Final answer:
A production possibilities curve (PPC) that reflects increasing opportunity costs is concave to the origin, with a bowed-out shape, illustrating the law of increasing opportunity cost, where resources are less adaptable over time. A straight-line PPC indicates constant opportunity costs, which is not a realistic scenario for most goods.
Step-by-step explanation:
A production possibilities curve (PPC) that reflects increasing opportunity costs will be concave to the origin, meaning it will have a bowed-out shape. This shape occurs because, according to the law of increasing opportunity cost, as the production of one good increases, the opportunity cost of producing additional units of this good will typically increase as well.
In other words, the more you focus on producing one good, the greater the cost of not producing the other good becomes. This happens as resources are not perfectly adaptable to the production of both goods and, over time, reallocating resources from the production of one good to another becomes increasingly costly in terms of forgone output of the first good.
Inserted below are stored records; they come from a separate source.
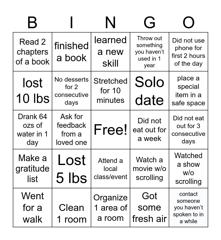 This bingo card has a free space and 24 words: Went for a walk, Lost 5 lbs, Stretched for 10 minutes, Got some fresh air, Did not use phone for first 2 hours of the day, Read 2 chapters of a book, finished a book, learned a new skill, Did not eat out for a week, Did not eat out for 3 consecutive days, Drank 64 ozs of water in 1 day, No desserts for 2 consecutive days, Watch a movie w/o scrolling, Watched a show w/o scrolling, lost 10 lbs, Clean 1 room, Organize 1 area of a room, Throw out something you haven’t used in 1 year, place a special item in a safe space, Make a gratitude list, Ask for feedback from a loved one, Attend a local class/event, Solo date and contact someone you haven’t spoken to in a while.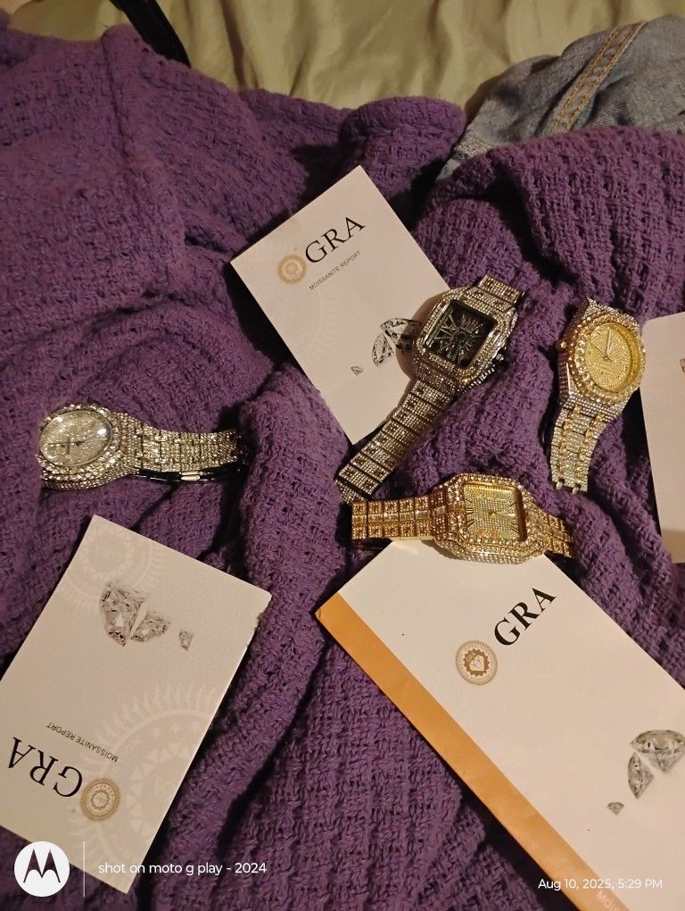 I have four moissanite diamonds watch two of them are 27 carats one of them are 32 carat one is 15 carats I'm looking to sell all four of them for around 1800 or best offer if you would like to get different watches I have a supplier that makes me pay 10% up front until watches get delivered and then I have to pay the rest each watch is 450 if you want automatic with box and paperwork if you don't mind box and paperwork I can get it around $300 a piece if you want the watches that is not automatic I can get them too them are $250 with paperwork $300 with paperwork and box and then if you don't want to paperwork or box they're around 180 for just a watch that is not automatic with full moissanite diamond watch so if you would like to get at me you can call me at 7tree,for 597 188three shipping on watches take roughly about 14 days business days if you would like to get them sooner I can get them within 9 days for an extra $50 shipping cost and it will be there within 9 days it usually comes within the first five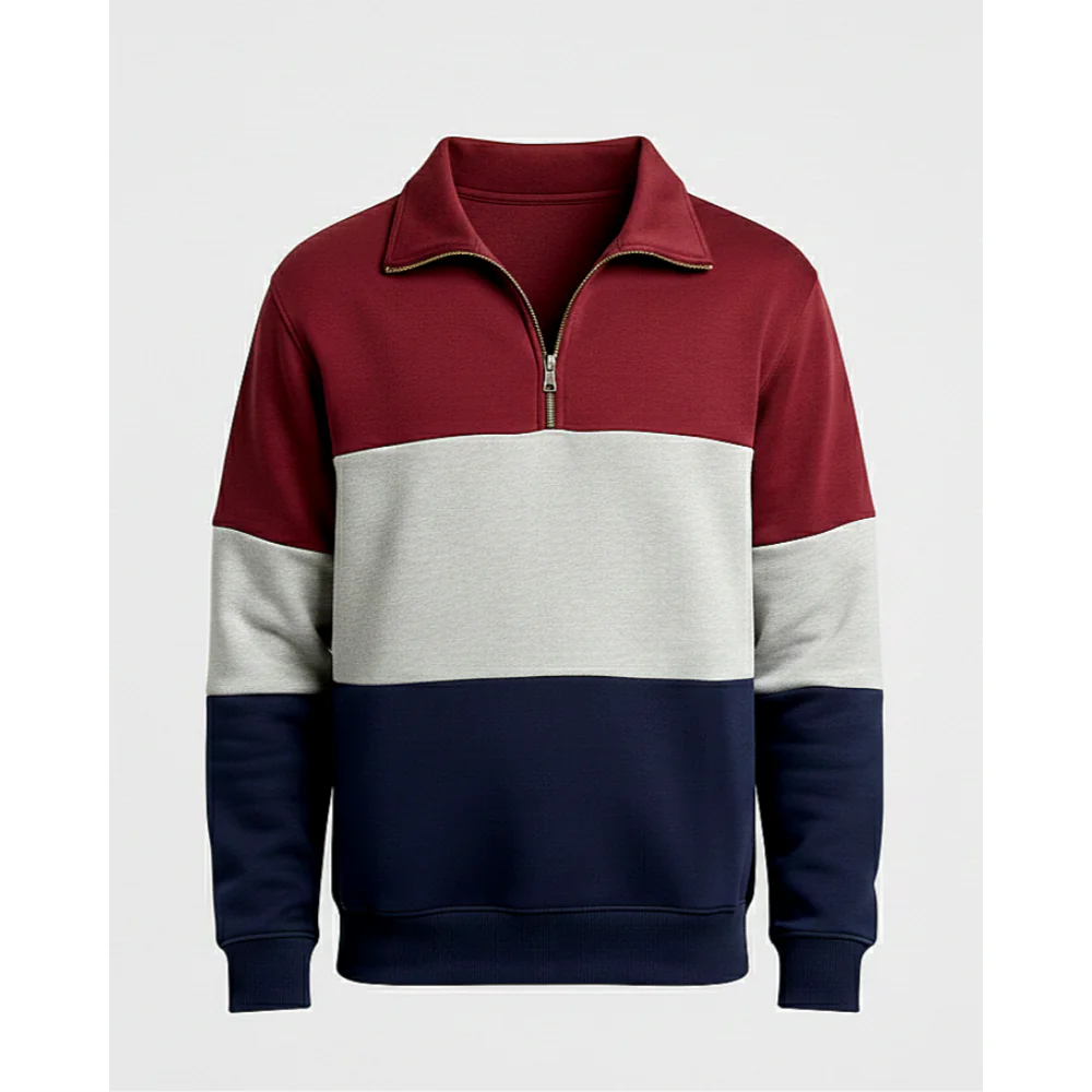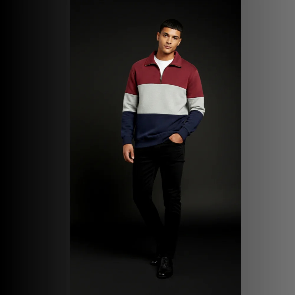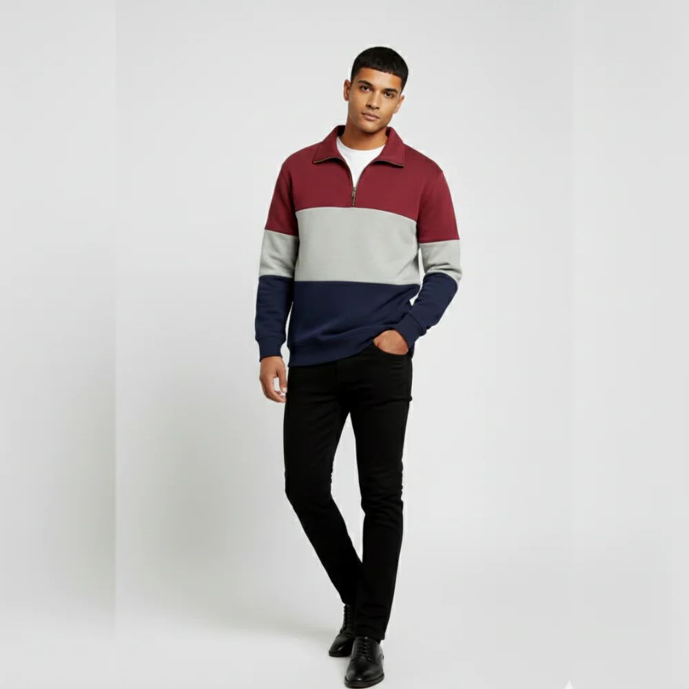 This color-block zip collar neck is made to stand out. With its striking design and rich mix of burgundy, navy, and grey. It brings instant personality to any outfit. The soft, premium fabric feels as good as it looks, while the relaxed fit gives you all-day comfort without sacrificing style.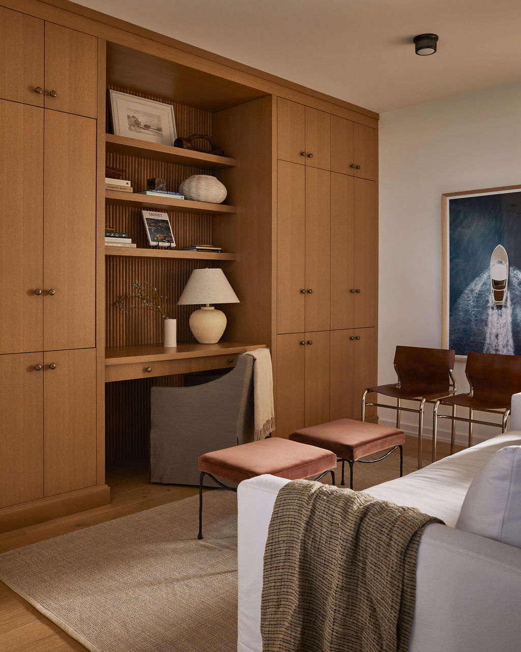 Full scale transformation designed for elevated coastal living. With a strong focus on deep tones that highlight sun rays and warmth, this three story townhouse is the perfect vacation home for a family looking to escape the bustling city.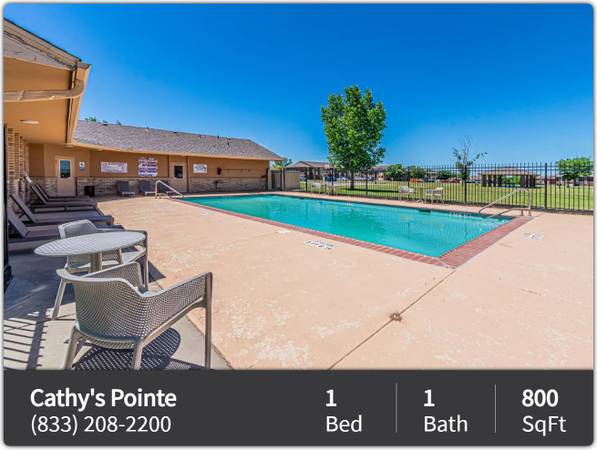 About the community: Cathy's Pointe Apartments in Amarillo, Texas offers spacious 1, 2 and 3 bedroom apartment homes at an affordable price. Enjoy relaxing in our gazebo, going for a run at the fitness center or playing a game on the basketball court. Our rental community also features two playgrounds, an outdoor pool, a community room and more. We are in close proximity to anything you could want or need in Amarillo. Homes at Cathy's Pointe offer great amenities including a kitchen pantry, dishwasher, huge closets, washer/dryer connections and central air conditioning. Call to schedule a personal tour of your new apartment home today!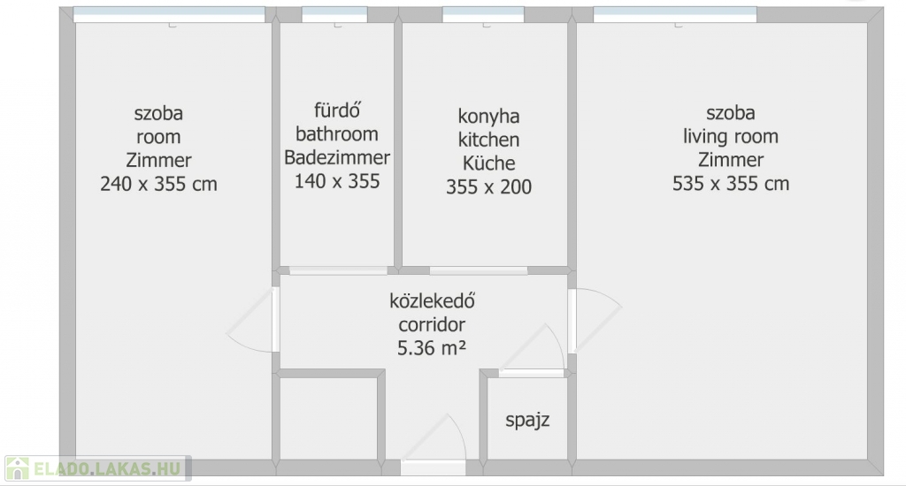 A helyiségek elrendezése a mellékelt alaprajz alapján.

The PPF (Production Possibilities Frontier) for healthcare and education, for example, is drawn as a curved line to show that as we dedicate more and more resources to one good (such as education), the opportunity cost in terms of reduced output of the other good (healthcare) grows larger. If a PPC is represented as a straight line, as in PPC A from the information provided, this would indicate constant opportunity costs for producing the two goods, which is not typically the case in most real-world scenarios.